Писцы стали нерешительно жестикулировать; они выражали свои колебания, выпячивали губы, втягивая голову в плечи и приподнимая руки.
— Что значит «понадобиться»? — ответил тот, кого звали Ха'ма'т. — Если это значит «нельзя обойтись», то мы вполне обойдемся и без него. Но понадобиться может и то, без чего легко обойтись. Все зависит от цены. Если этот дикарь хочет продать тебе раба-писца, то гони его прочь, ибо нас и так достаточно, и никто нам больше не нужен и не может понадобиться. Но если он предлагает тебе раба, который бы ходил за собаками или прислуживал в бане, то пусть назовет свою цену.

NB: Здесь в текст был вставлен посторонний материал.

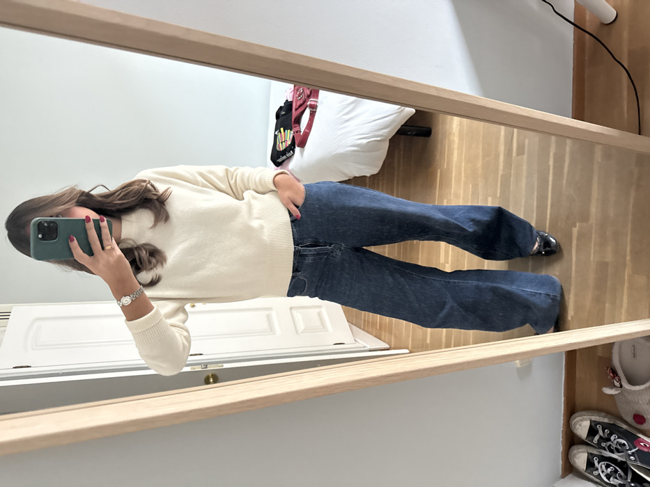 A female subject is depicted standing in a full-length, light-wood-framed mirror, taking a selfie with a smartphone. The subject wears an off-white long-sleeved crew-neck sweater, dark blue wide-leg jeans, and black patent leather flat shoes. A silver-toned watch is visible on her left wrist, and her fingernails are painted red. Her brown hair is styled in waves and partially obscures her face, which is mostly covered by the dark green-cased smartphone she holds in her left hand. Her right hand is placed inside the front pocket of her jeans. The background, reflected in the mirror, shows an interior residential space. To the left, a white paneled door with a gold-colored doorknob is visible against a light grey wall. The floor is light brown hardwood. To the right, a bed with a white ribbed bedspread is present, upon which a black garment with a graphic and a red or burgundy fanny pack are placed. At the bottom left, two pairs of shoes are on the floor: black canvas sneakers and grey, plush animal-shaped slippers with red accents. The location is an indoor room within a residence, likely a bedroom, in Unknown, Unknown.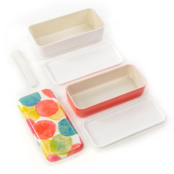 ●絵の具で描いた様なデザインがおしゃれな2段ランチボックスです。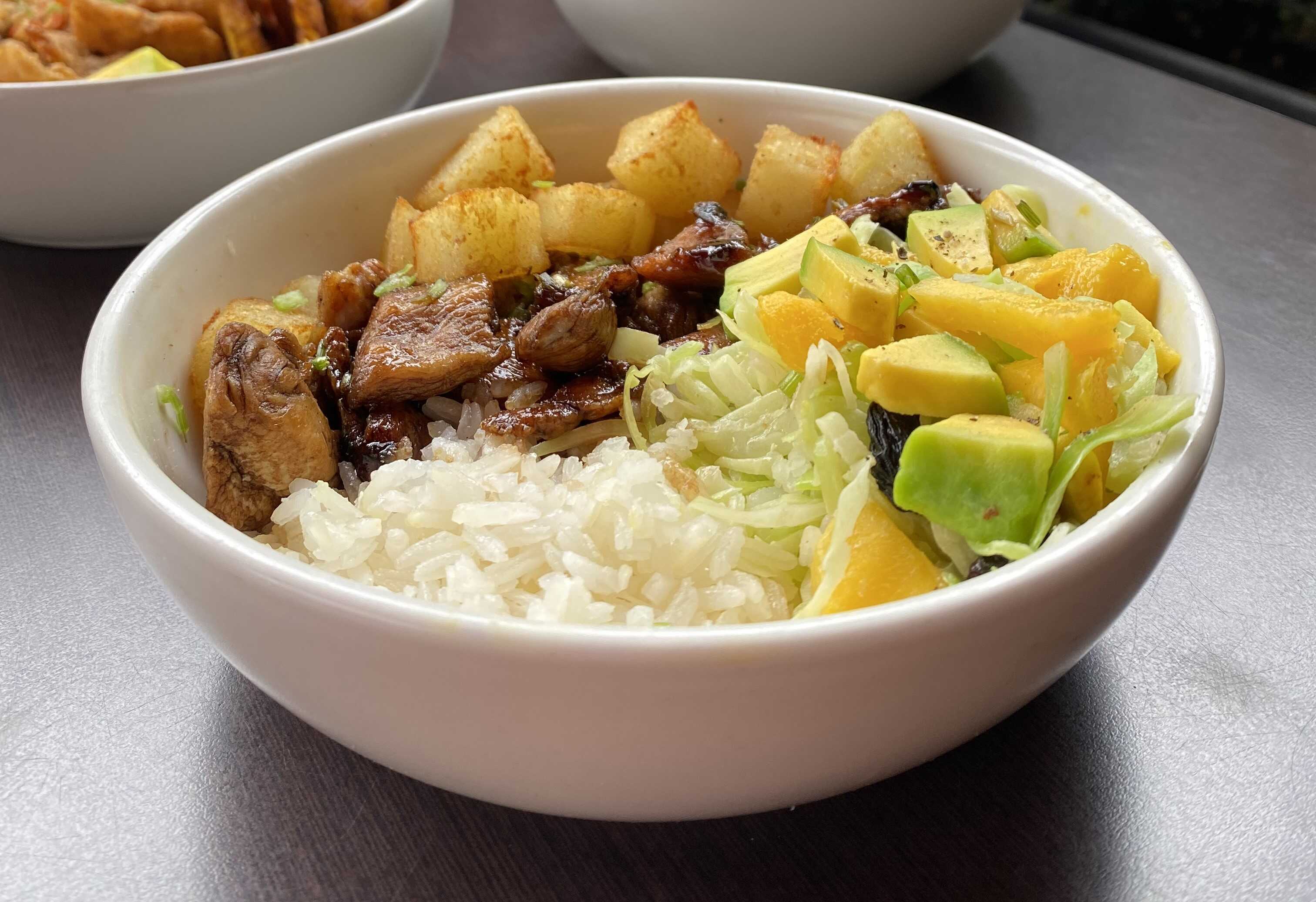 Pollo teriyaki, papa salteada, arroz blanco y ensalada dulce.
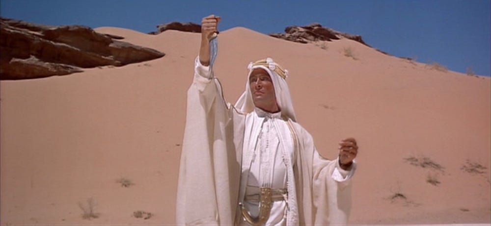 We watched The Last Samurai for the first time over the Thanksgiving weekend alongside another Zwick classic, beloved “male weepie” Legends of the Fall (1994), in which a patriarch and his three sons disavow the U.S. military over its treatment of Native Americans and move to a vast swath of land with their Cree friend; son Brad Pitt, who is trained by the Cree in the ways of hunting and living off the land, cannot ever truly fit within white society given his wild, untamable spirit. With Zwick,5 we began to notice a definite pattern: a white male protagonist, imperfectly aligned with the white imperial order, seeks out a place within another culture, earning a way in through mutual respect and adherence to a real (and imagined) code of honor, fighting alongside his newfound people. This is an enduring masculine fantasy: from the “going Native” trope so popular in western and historical fiction narratives—a man is kidnapped by or seeks out a Native tribe/primitive civilization, learning their ways and abandoning white society—to the white-centered “fish out of water” stories, like Lawrence of Arabia (1962), The Yakuza (1974), Mr. Baseball (1992), and Seven Years in Tibet (1994), to the White Guy Orders in Perfect Chinese, Shocks Patrons and Staff meme of the 2020s. It seems only more relevant as the corny, evil white men in Washington boldly embrace a politics of xenophobia, white supremacy, misogyny, and general inelegance, which has, to hear the internet tell it, reinvigorated the cultural cachet of “wokeness.”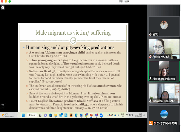 邀请,英国坎特伯雷大学语言中心(Centre for Language and Linguistics)两位学者Alexandra Polyzou博士和Amina Kebabi博士在线为学院师生开展第一场新文科背景下英语一流专业建设系列讲座,讲座题目为“Gender and migration discourse in British newspapers”。本次讲座由爱爱视频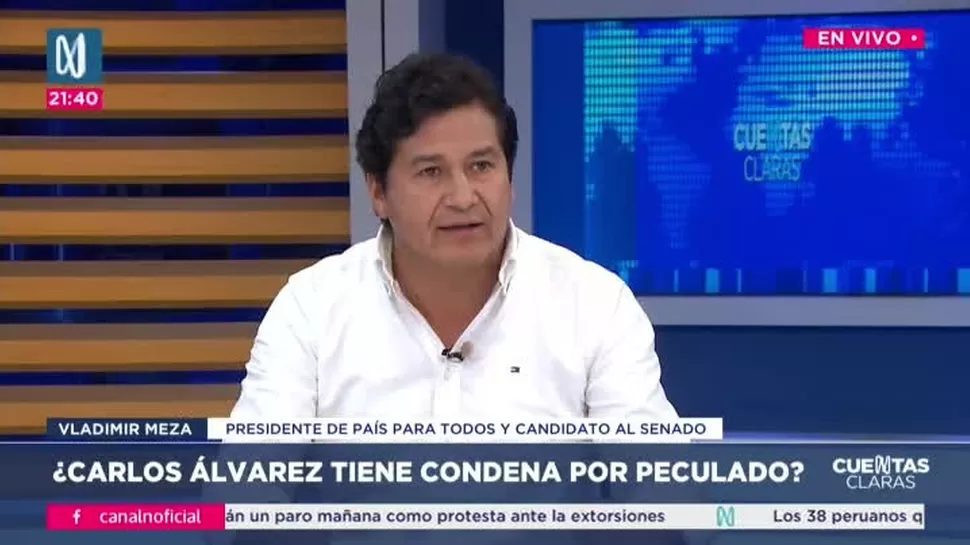 Cuentas ClarasVladimir Meza: La máxima instancia absolvió a Carlos ÁlvarezCuentas Claras / Canal NCuentas Claras, de lunes a viernes a partir de las 09:00 p.m. por Canal N TagsCuentas ClarasRelacionadasHenry Shimabukuro: A mí me llama Nicanor Boluarte en eneroInvestigarán reunión del presidente Jerí con empresario chinoUrpi Torrado: Indecisos bajaron de 50% a 43%, esos puntos se están repartiendo entre principales candidatosJosé Jerí usa el "cofre" para reunión no registradaRonald Atencio: No pertenezco a ninguna organización criminalJosé Naupari: En el caso de López Chau ni hubo sentencia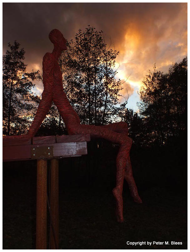 Ein bedrohlich wirkender Himmel wölbt sich über der Skulptur. Mit einem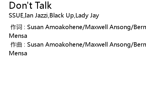 | [00:00.000] | 作曲 : Susan Amoakohene/Maxwell Ansong/Bernard Femi-Kayede/Nancy Mensa |
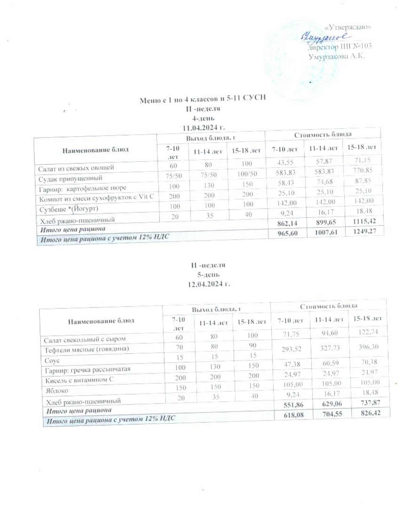 1 апталық ас мәзірі » КГУ "Школа-гимназия №103" Управления образования г.Алматы

— Итак, старик, — сказал управляющий, — поторопись! За какую плату продашь ты сына колодца?
— Он твой! — отвечал старик. — Поскольку мы вообще заговорили о нем и ты спрашиваешь меня о его обстоятельствах, он уже принадлежит тебе. Мне, право, не пристало определять стоимость подарка, которым ты, как я вижу, собираешься меня отдарить. Но если ты велишь — павиан садится возле весов! Кто нарушит меру и вес, того изобличит сила Луны! Двести дебенов меди — вот как надлежит оценить этого слугу ввиду его необыкновенных качеств. А лук и вино из Хазати ты получишь в придачу как дар и привесок дружбы.

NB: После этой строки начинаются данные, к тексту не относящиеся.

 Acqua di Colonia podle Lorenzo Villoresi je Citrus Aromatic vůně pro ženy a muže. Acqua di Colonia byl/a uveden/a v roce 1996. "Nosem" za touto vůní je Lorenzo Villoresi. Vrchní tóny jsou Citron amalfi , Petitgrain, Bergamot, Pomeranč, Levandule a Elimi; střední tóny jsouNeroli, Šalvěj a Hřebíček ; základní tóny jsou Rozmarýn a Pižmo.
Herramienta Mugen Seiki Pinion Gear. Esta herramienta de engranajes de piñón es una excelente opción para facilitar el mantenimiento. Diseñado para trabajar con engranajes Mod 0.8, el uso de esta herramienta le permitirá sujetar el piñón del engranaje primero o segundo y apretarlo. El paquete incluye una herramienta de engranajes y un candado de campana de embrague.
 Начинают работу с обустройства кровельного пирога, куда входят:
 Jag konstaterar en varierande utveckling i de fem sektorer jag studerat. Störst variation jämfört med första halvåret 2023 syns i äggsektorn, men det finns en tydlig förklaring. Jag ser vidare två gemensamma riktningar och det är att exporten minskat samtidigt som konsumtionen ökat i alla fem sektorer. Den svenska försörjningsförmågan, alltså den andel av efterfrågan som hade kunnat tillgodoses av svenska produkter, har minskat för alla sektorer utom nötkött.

Это была очень высокая цена, тем более что дикорастущему аскалунскому луку и широко потребляемому фенехийскому вину старик весьма благоразумно придал характер довеска и, собственно, весь запрос относился к молодому рабу Озарсифу; да, это была дерзкая оценка, даже если признать, что из всех товаров странствующих купцов, не исключая и знаменитых смол, в Египет стоило везти один только этот, и даже если стать на ту точку зрения, что вся торговля измаильтян была только придачей и что самый смысл их жизни состоял единственно в том, чтобы во исполнение неких замыслов доставить в Египет мальчика Иосифа. Не отважимся утверждать, что хотя бы смутное подозрение такого рода могло шевельнуться в душе старика минейца; управляющему Монт-кау, во всяком случае, подобные представления были совершенно чужды, и вполне вероятно, что он сам запротестовал бы против такой завышенной оценки, если бы его не опередил своим вмешательством почтенный карлик Дуду. В полную силу посыпались у него возражения из-под прикрытия верхней губы, и во всю прыть забегали перед грудью кисти его коротеньких ручек.

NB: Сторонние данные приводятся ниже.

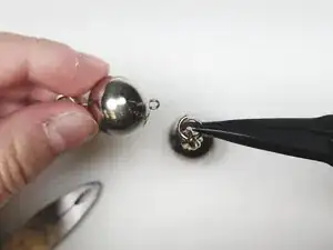 Слегка согните кольцо, открыв его достаточно, чтобы другое кольцо могло соединиться. Не открывайте его полностью, так как закрыть его будет сложно.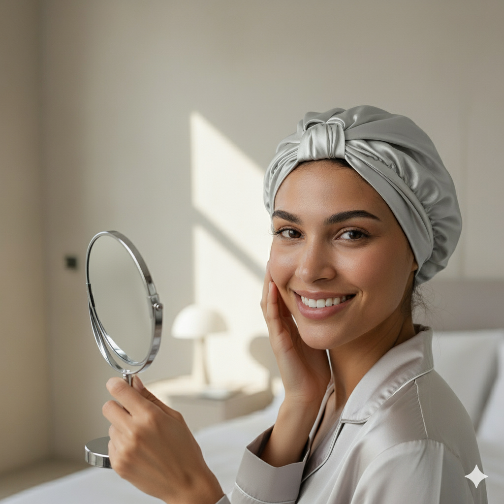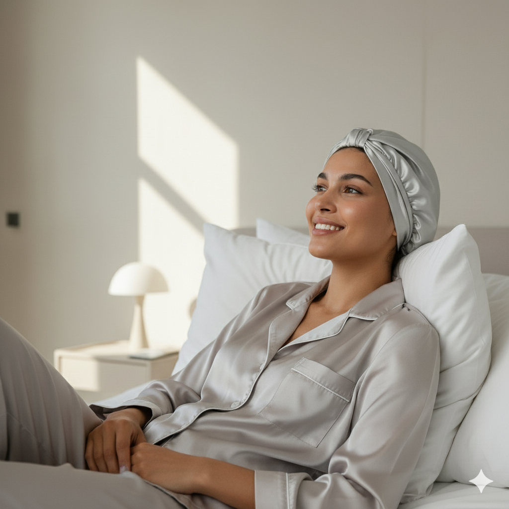 Aurica %100 dut ipeği saç bonesi, sıradan saten veya polyester bonelerden farklı olarak saçınızı en doğal şekilde korur. Kabarma ve kırılmaları önler, nem ve parlaklığı hapseder, her sabah bakımlı ve sağlıklı saçlarla uyanmanızı sağlar.
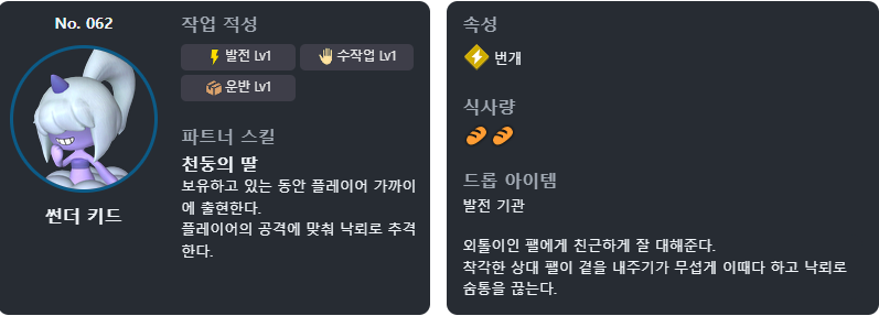 팰월드 썬더키드 위치와 교배 정보 정리 - PALWORLD 팰월드의 썬더키드 위치와 교배 정보를 정리했습니다. 작업 적성 및 스킬 정보를 함께 확인하세요. 1. 썬더키드 작업 적성 및 스킬 썬더키드의 작업 적성 및 스킬은 다음과 같습니다. 2. 썬더키드 위치 (출현 장소) 썬더키드의 출현 장소는 다음과 같습니다. 3. 썬더키드 교배 배합표 썬더키드의 교배 배합표는 다음과 같습니다. PC게임 정보/팰월드 2024.02.16

— Это смешно! — сказал он. — Это в высшей степени и донельзя смешно, управляющий; отвернись же во гневе! Этот старый мошенник имеет наглость говорить о какой-то дружбе, как будто возможна дружба между тобой, египтянином, возглавляющим имение великого мужа, и дикарем песков! Что же касается его торговли, то это просто капкан и ловушка. За этого пентюха, — и он протянул ладошку к Иосифу, возле которого уже пристроился, — за этого паршивца пустыни, за этот подозрительный хлам он просит не больше не меньше, как двести дебенов меди. А малый, по-моему, очень и очень подозрителен. Хоть он и ловок болтать о прохладных мхах и журчащих источниках, кто знает, за какие неискоренимые пороки он был в действительности наказан знакомством с ямой, откуда якобы извлек его этот старый плут. Вот тебе мое слово — не приобретай этого шалопая, вот тебе мой совет — не покупай его для Петепра, ибо тот не поблагодарит тебя за такое приобретение.
Так говорил Дуду, смотритель нарядов. Но вслед за его голосом послышался голосок, похожий на стрекотание кузнечика. Это был голос маленького Боголюба в праздничном платье, «визиря», который стоял рядом с Иосифом с другой стороны: юноша оказался между обоими карликами.
— Купи, Монт-кау! — зашептал он, привстав на цыпочки. — Купи этого мальчика из страны песков! Из всех товаров купи только его одного, ибо это самый лучший товар! Доверься маленькому, он видит! Озарсиф добр, красив и умен. Он благословен и будет благословением дому. Послушайся разумного совета!
— Не слушайся дурного совета, а послушайся дельного! — воскликнул тотчас же другой карлик. — А как может дать дельный совет этот сморчок, если в нем самом дельного и путного столько же, сколько в пустом орехе? У него нет в мире ни веса, ни положения, и он, как пробка, всегда торчит на поверхности, этот пустомеля и попрыгун, — так как же он может дать полноценный совет, как же он может судить о делах мира, о товарах и людях и о товаре в виде людей?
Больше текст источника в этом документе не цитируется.